To each $\newcommand{\vez}{\vec{z}}$ $\vez\in\bT^N$ we associate the $N\times N$ Vandermonde matrix $V(\vec{z})$

$$V_{ij}(\vec{z})= z_j^{i-1}. $$

Now form the hermitian and positive semi-definite matrix

$$ A(\vez)= V(\vez)^\ast \cdot V(\vez). $$

As is well known $A(\vez)$ is invertible if and only if $\vez$ is nondegenerate, i.e., the components $z_j$ are pairwise distinct. In general

$$\dim \ker A(\vez) = N-\nu(\vez), $$

where $\nu(\vez)$ denotes the number of distinct elements in the list $(z_1,\dotsc,z_N)$. Denote by $\lambda_1(\vez)$ the smallest eigenvalue of $A(\vez)$. The map

$$\bT^N\ni \vez\mapsto \lambda_1(\vez) \in [0,\infty) $$

is continuous and semi-algebraic and vanishes exactly when $\det A(\vez)$ vanishes, where we recall that

$$ \det A(\vez)=\prod_{j > k} |z_j-z_k|^2. $$

We deduce from the Lojasewicz's inequality that there exists a positive rational number $r$ and a constant $C=C_r>0$ such that

$$ \lambda_1(\vez)\geq C(\det A(\vez) )^r,\;\;\forall\vec{z}\in\bT^N. \tag{1} $$

Observe that if $(1)$ holds for some $r$ and $C$, it also holds for any given $r'>r$ (with a different constant $C$).

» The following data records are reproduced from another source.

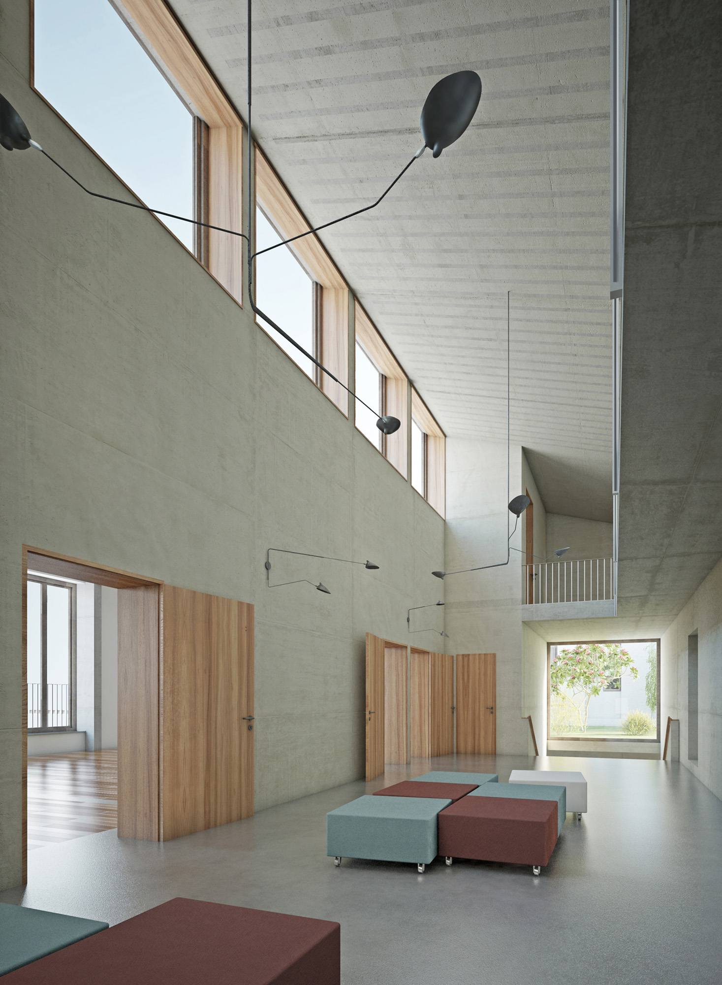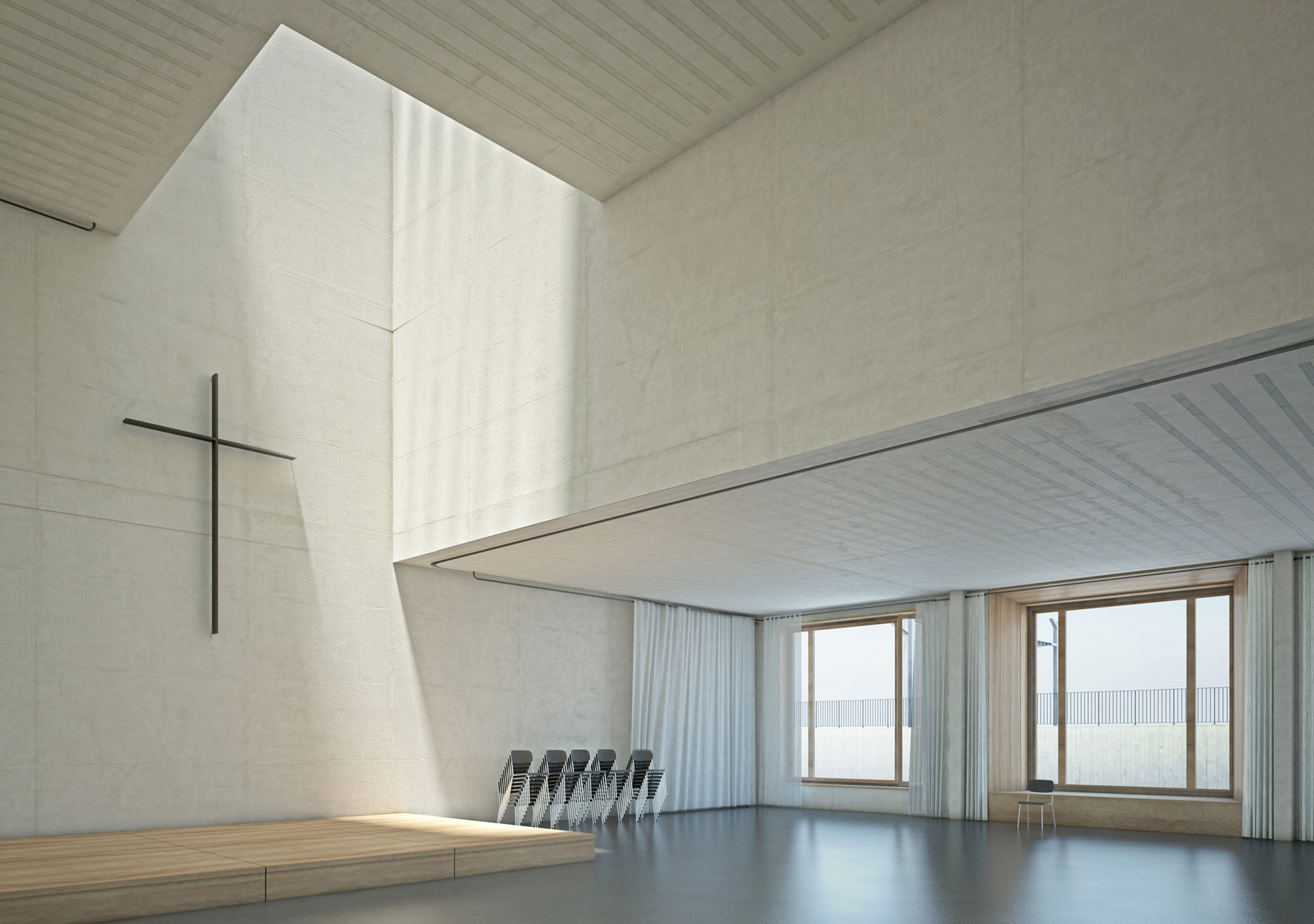 Grosser Saal mit Kirchenfunktion und Mehrzwecknutzung, Kleiner Saal, Gastroküche, diverse Büros und Gemeinderäume, Wohnungen
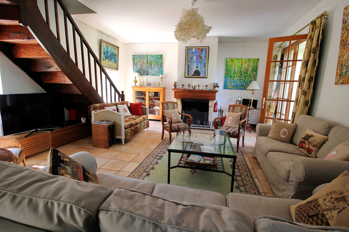 Au cœur d'un village calme, charmante maison en pierre, indépendante de notre habitation principale, grande et spacieuse (90m2). Idéal pour un weekend entre amis, en famille et les sportifs ... à 2mn à pieds de la forêt de Buthiers, du golf d’Augerville la Rivière ... Une pièce de vie lumineuse, remplie de livres et de jeux de société et de comptoir (flipper (en cours de réparation), fléchettes)... à la disposition des hôtes.
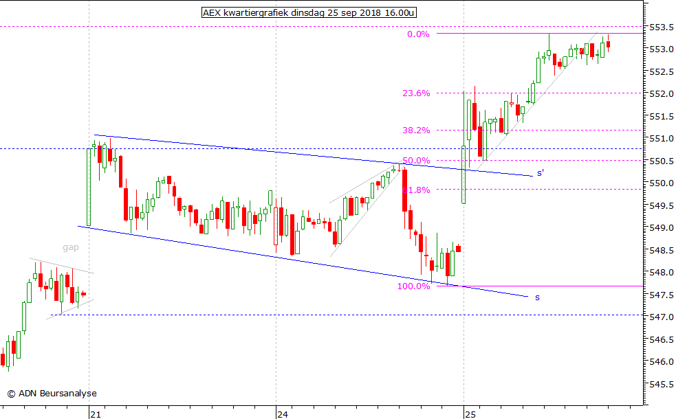 er naar uit dat hier een dubbele top gaat ontstaan. We bereiken 553,5
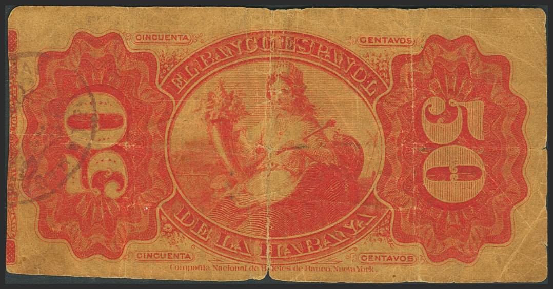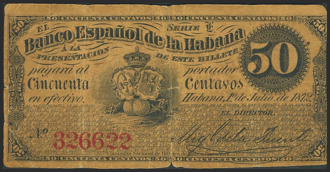 EL BANCO ESPAÑOL DE LA HABANA. 50 Centavos. 1 de Julio de 1872, primera fecha emitida. Serie E. (Edifil 2023: 49). BC.
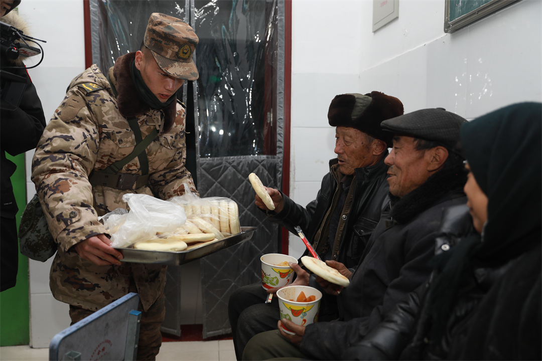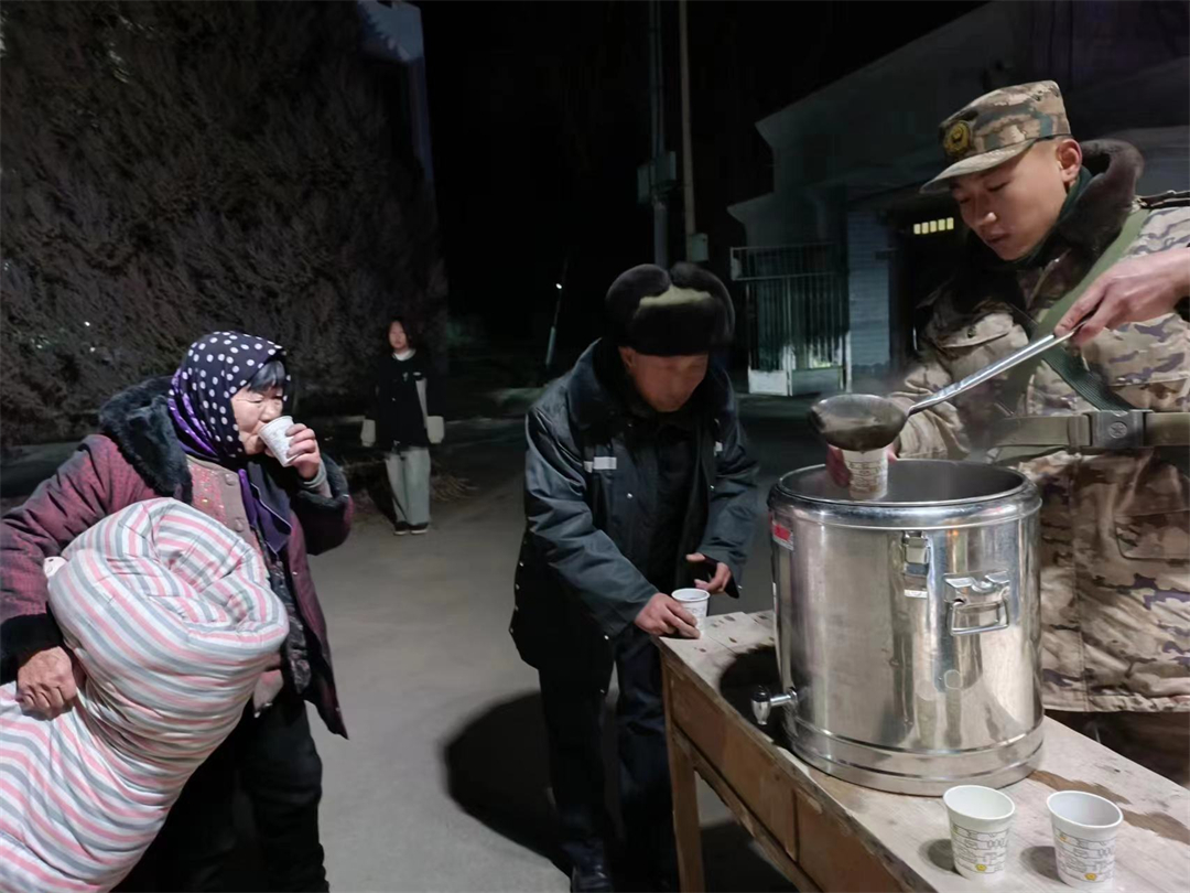 20余名炊事員搭鍋支灶,制作熱食。同時(shí),他們還第一時(shí)間為群眾熬制熱姜湯,驅(qū)寒保暖。經(jīng)過(guò)兩個(gè)多小時(shí)忙碌,熱氣騰騰的羊肉粉湯做熟了,配上熱乎乎的餅子,200余名群眾吃上災(zāi)后第一頓熱乎飯。

Denote by $R$ the set of $r$'s for which $(1)$ holds, and set $\rho:=\inf R$. Note that

$$\lambda_1(\vez) \leq \bigl( \det A(\vez)\bigr)^{\frac{1}{N}}, $$

which shows that $\rho\geq \frac{1}{N}$.

  1. Is it true that $\rho=\frac{1}{N}$, i.e., for any $\varepsilon >0$ there exists $C=C_\varepsilon >0$ such that $$ \lambda_1(\vez) \geq C\bigl( \det A(\vez)\bigr)^{\frac{1}{N}+\varepsilon} ? $$

  2. Can one indicate another explicit and notrivial lower bound for $\lambda_1(\vez)$?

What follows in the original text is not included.